Hi,

I noticed an 3945-SEC having quite high CPU load without doing much, because there are more packets Process-Switched than CEF switched.

To investigate, I issued the following command:

Router#sh ip cef switching statistics feature

IPv4 CEF input features:

       Feature                Drop    Consume       Punt  Punt2Host Gave route

       Access List        24911921          0          0   14678240          0

       Policy Routing            0          0          0          0   20433673

Total                     24911921          0          0   14678240   20433673

IPv4 CEF output features:

       Feature                Drop    Consume       Punt  Punt2Host    New i/f

       CCE Output Class          0          0  715266717          0          0

Total                            0          0  715266717          0          0

IPv4 CEF post-encap features:

       Feature                Drop    Consume       Punt  Punt2Host    New i/f

       IPSEC Post-encap          1  655816389          0          0          0

Total                            1  655816389          0          0          0

IPv4 CEF for us features:

       Feature                Drop    Consume       Punt  Punt2Host    New i/f

Total                            0          0          0          0          0

IPv4 CEF punt features:

       Feature                Drop    Consume       Punt  Punt2Host    New i/f

Total                            0          0          0          0          0

IPv4 CEF local features:

       Feature                Drop    Consume       Punt  Punt2Host Gave route

Total                            0          0          0          0          0

The punted (= non cef-switched, "punted" to another switching mechanism) packets for the feature "CCE Output Class" are increasing by ~1000 per second.

This made me wonder, what exactly the feature "CCE Output Class" is.

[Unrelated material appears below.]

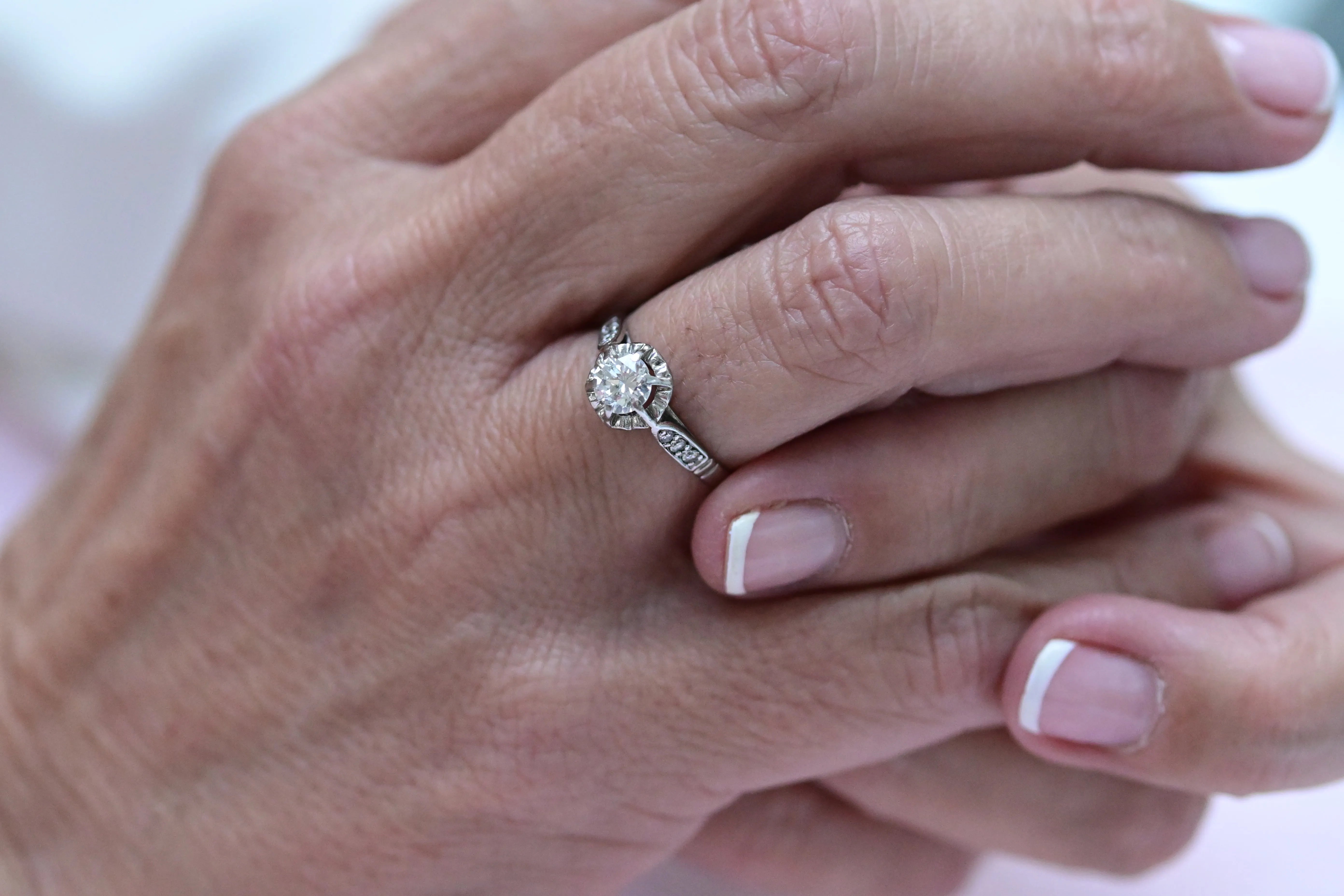 Il mio ragazzo mi ha sorpreso e mi ha chiesto di sposarlo con l'anello Art Deco più bello di Moira Antique Jewellery. Dovevamo cambiarne le dimensioni, ma lo abbiamo fatto presso una gioielleria nelle vicinanze, anche se ci è stato offerto di farlo lì. Non potrei amare di più questo anello anche se ci provassi!

As I see in the following output, this feature actually is enabled on my Tunnel Interface:

Router#sh ip int tu0

Tunnel0 is up, line protocol is up

  Internet address is x.x.x.x/xx

  Broadcast address is x.x.x.x

  Address determined by non-volatile memory

  MTU is 1400 bytes

  Helper address is not set

  Directed broadcast forwarding is disabled

  Multicast reserved groups joined: 224.0.0.10

  Outgoing access list is not set

  Inbound  access list is not set

  Proxy ARP is disabled

  Local Proxy ARP is disabled

  Security level is default

  Split horizon is enabled

  ICMP redirects are never sent

  ICMP unreachables are always sent

  ICMP mask replies are never sent

  IP fast switching is enabled

  IP fast switching on the same interface is disabled

  IP Flow switching is disabled

  IP CEF switching is enabled

  IP CEF switching turbo vector

  IP Null turbo vector

  Tunnel VPN Routing/Forwarding "xxx"

  IP multicast fast switching is enabled

  IP multicast distributed fast switching is disabled

  IP route-cache flags are Fast, CEF

  Router Discovery is disabled

  IP output packet accounting is disabled

  IP access violation accounting is disabled

  TCP/IP header compression is disabled

  RTP/IP header compression is disabled

  Policy routing is disabled

  Network address translation is disabled

  BGP Policy Mapping is disabled

  Input features: Process Packet Capture, MCI Check, TCP Adjust MSS

  Output features: CCE Output Classification, NHRP Redirect, CCE Post NAT Classification, TCP Adjust MSS, QoS Preclassification

  Post encapsulation features: IPSEC Post-encap output classification

  WCCP Redirect outbound is disabled

  WCCP Redirect inbound is disabled

  WCCP Redirect exclude is disabled

Can anybody tell me, what "CCE Output Classification" is, and why this is extensivly used by my router?